Kakira Imigongo Cooperative currently employs 15 women. Almost all of them are genocide widows. Their canvasses vary from small wooden squares to customized full-wall murals. The artists will usually work collectively on a single piece. One artist will sketch a pattern on a square of wood and then trace the pattern with fingers full of cow dung. Once dry, the pattern is painted over by another artist, who uses paints made from red clay, black ash, or white kaolin, among other natural materials. The works are sanded smooth and painted several more times before going on display.

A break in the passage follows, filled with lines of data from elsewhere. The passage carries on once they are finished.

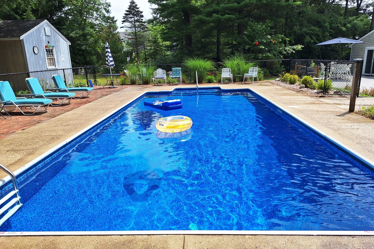 Enjoy the Barnstable historic seaside village of Cotuit in this sprawling house with central air, nestled in the pines on a quiet street with private gated (unheated) pool, lg. backyard, firepit, ample parking, just blocks from Main St, Ropes Beach, scenic ocean views, fort playground, and Kettleer baseball. Each bedroom has a TV and ensuite bathroom! Relax in the seasonal sunroom overlooking the pool; grill burgers on the patio. Max. 9 (6 adults). Pool open 6/20-9/15/26. The reviews tell all!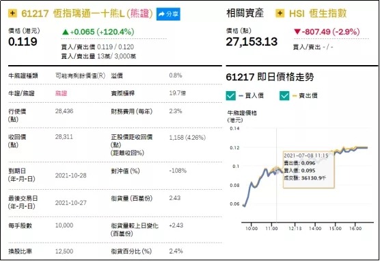 1、强势轮证:恒指瑞通一十熊(61217.HK),周四大涨120.4%;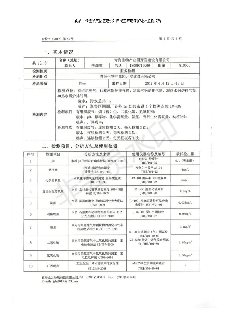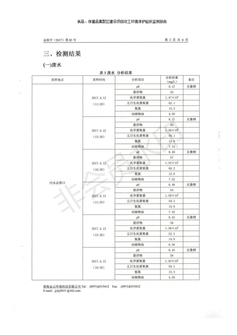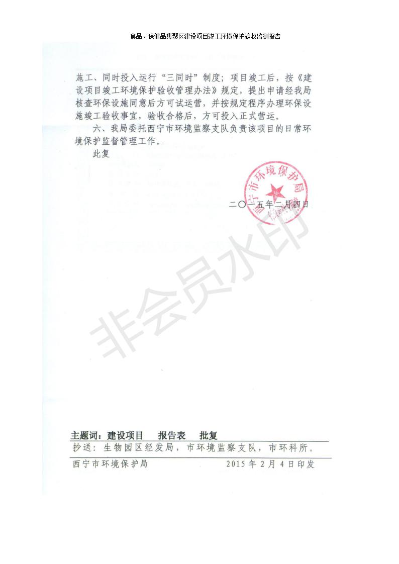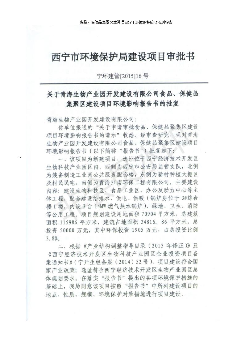 食品、保健品集聚區(qū)建設(shè)項(xiàng)目竣工環(huán)境保護(hù)驗(yàn)收監(jiān)測(cè)報(bào)告公示發(fā)布日期:(2019-3-11) 點(diǎn)擊次數(shù):2014 |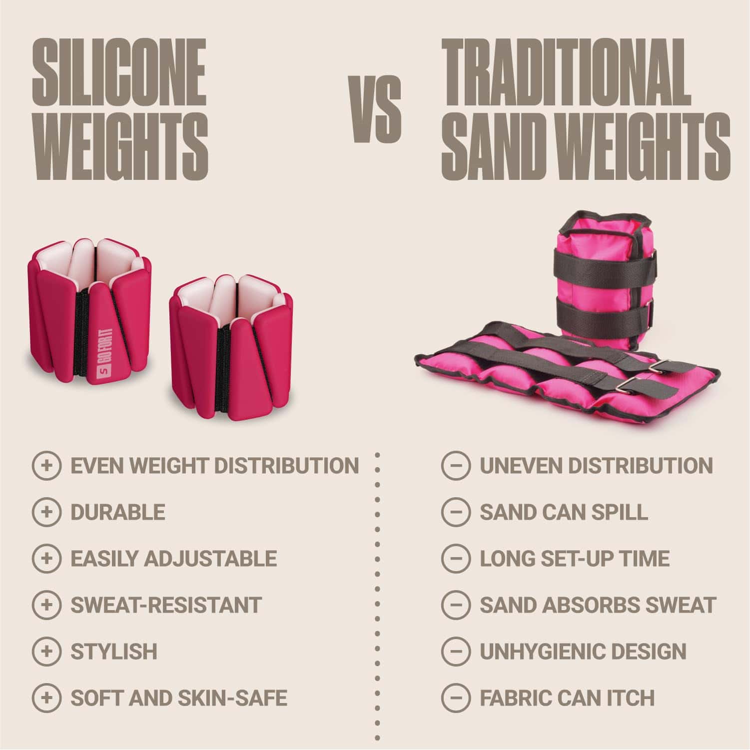 4. SIENTE LA DIFERENCIA: Cada peso de tobillo ponderado está hecho de silicona súper suave, a diferencia de las pesas anticuadas. Nuestras pulseras con peso están diseñadas específicamente para no estorbar y te permiten hacer ejercicio sin esfuerzo donde sea y cuando sea.

The art coming out of Kakira has gained an international following, with pieces on display in Paris, France, and promises of a New York exhibit in 2018. Although the Kakira Cooperative does not have a web presence, Fabrice—who is fluent in several languages—takes international calls and orders on his mother’s behalf.

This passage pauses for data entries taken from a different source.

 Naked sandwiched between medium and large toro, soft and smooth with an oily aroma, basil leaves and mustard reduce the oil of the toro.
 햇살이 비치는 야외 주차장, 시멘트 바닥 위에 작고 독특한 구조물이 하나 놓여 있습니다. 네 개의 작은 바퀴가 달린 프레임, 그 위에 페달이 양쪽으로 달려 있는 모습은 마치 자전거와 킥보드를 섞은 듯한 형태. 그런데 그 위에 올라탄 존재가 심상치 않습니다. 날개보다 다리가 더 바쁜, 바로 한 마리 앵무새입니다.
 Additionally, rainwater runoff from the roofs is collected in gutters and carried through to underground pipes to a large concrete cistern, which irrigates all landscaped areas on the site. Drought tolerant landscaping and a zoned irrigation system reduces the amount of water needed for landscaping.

When the shop closes, I convince Basirice and Fabrice to join me for dinner. The drive through Nyakarambi at sunset is hauntingly idyllic. Curving through the plush mountain passes, the main road is noticeably filled with people. Everyone is walking. Large groups painted gold by the setting sun smile, laugh, hold hands, and ride bicycles. It looks as if a large event just let out.
“Where is everyone going?” I ask.
Fabrice smiles, “I think people just like to be out. I think many people are happy. We are in a time when all the different people in Rwanda can have a chance to be what they want to be. I am happy to stay here and be part of this.”
“Does your mother plan to stay in this region as well?” I ask. “She is getting very popular. What if she uses up all of the cow dung?”
Fabrice laughs and translates the joke to his mother, who smiles with a quiet response in her Rundi tongue.
“She says that in Rwanda we are farmers and almost everyone in the countryside has a cow. Where there are cows there will always be dung.”